# 4 weeks preg have cyst !??!!



## tinks28

Hey girls
had 2 previous miscarriages april 2009 (12weeks) and Jan 2010 (5 weeks)

Well found out im 4weeks pregnant but been getting period type cramps so was sent to hosp for bloods and early scan 

my hcg came back at 1200which they said was high for 4 weeks doing another tomorrow to compare to yesterdays 
but today they scaned me (internal) they could see a 3mm sack but also found that i have a cyst and say that the preganancy may still be in tubes as this sac could just be something else 

im so scared this preganancy is going to go wrong too :( i keep telling myself my hcg is high which is good buti have everything crossed it will double tomorrow

guess this cyst thing is whats worrying me and im scared its this thats making my hcg high and not the pregnancy 

im rambling i know but just so many thoughts going through my head 

anyone else have similar symptoms or cyst ? xx


----------



## hb1

:hugs:

One of the symtoms of a cyst on your ovaries would be pain but I have never had a cyst in a tube - fxd it's not anything bad. I don't think a cyst would cause hcg to be produced.

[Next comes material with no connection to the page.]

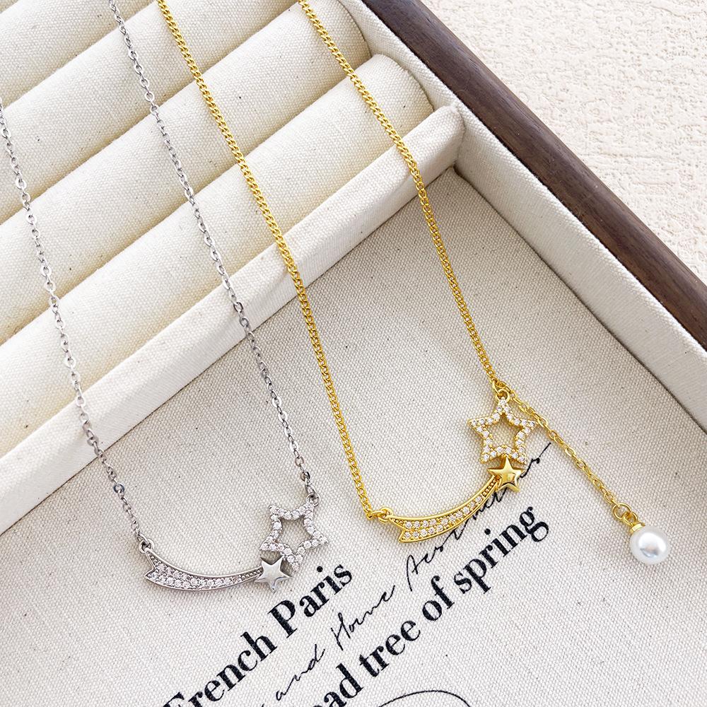 Collar coreano de nueva estrella de 18 quilates transfronterizo para mujer, lujo accesible de alta gama, cadena de clavícula de meteorito, joyería exquisita

Hope someone has some experience to share

good luck

hx


----------



## gemstone

happened to me too babe! they thought mine was a sudo sac.. found that out at 6weeks wen i had some pain.. i was taken into hopsital and they did a scan my sac was only 5mm and they said that it may hav been to early but wiv my bloods at 1900.. they said they expect to see something. so i had to go back for bloods every 2 days and scan like every 10 days . my hcg didn't doubled like they wanted, only by 58% and they like to see a increase of at least 60%.so i had anoter sac in 10 days and still no change. so was trold to come in for another scan in 7 days. i got a call after my last lots of bloods, was told to come straight to the hospital right away! had my own side room and wasn't told really want was going on! my mum is a head midwife so i made sure they new who i was.. and that if somebody didn't tell i was going to go mad. i was then told they thought it was in my tubes and i had to had laparoscopy... i was told they wouldn't let me go home til i had had one. so i was taken down.. after being told that there is a 10% chance i will lose the baby anyways. i had it only to b told they was wrong.. and i went on the lose the baby over the next few weeks. i hope this doesn't happen to u.. but u do hav to think that eptopic is deadly and u wouldn't want anything bad to happen to urself. wish u all the best. and hoping this one is ok.. i got preg the very next cycle by the way.. and am now 10 weeks preg! gd luck.. sorry hope i haven't scared u.. just reminded me of wat happened to me x


----------



## tinks28

Thanks for the replies girls been so worried get my second hcg test results today 

Sudo sack ... thats word i couldnt remember she said it could be that they could see or it could be the pregnancy having another scan in 10 days such nerve wrecking wait 

my cramps seem to have gone now .. hoping thats a good sign but dont want to get my hopes up xx


----------



## gemstone

hd luck let me no how u get on :O) fingers crossed for u! x


----------



## 24/7

I had an early scan on thursday and they saw a cyst on one of my ovaries too, but beanie was well and at six weeks exactly we saw the heart beat too. xx


----------



## jenny25

i have a cyst on my left ovary they call it a corpus luteum basically its a good thing which helps sustain the pregnancy it produces estrogen and progesterone until the placenta takes over my cyst was 34mm x32mm i had pain and thats what it was cause of the cyst sometimes people dont feel pain with it but they may keep an eye on it so it doesnt cause ovarian torsion x


----------



## tinks28

thanks girls i feel alot better about it now :) so staying hopeful

gotmy second hcg results back they were 2886 :) so had more than doubled 

they have booked me in for another scan in ten days so will hopefully see a bit more then as i should be about 6 weeks by then 

so nervous that im going to mc again but staying positive and seeing it in tiny steps 

thanks for all your support xx


----------



## secretbaby

Ovarian cysts - everyone has one to keep the pregnany going until the placenta takes over - the cyst then normally shrinks - ocassionally it doesn't (i had one that was over 10 cm removed - it has over 1 1/2 liters of fluid in it and I think it had been there for years).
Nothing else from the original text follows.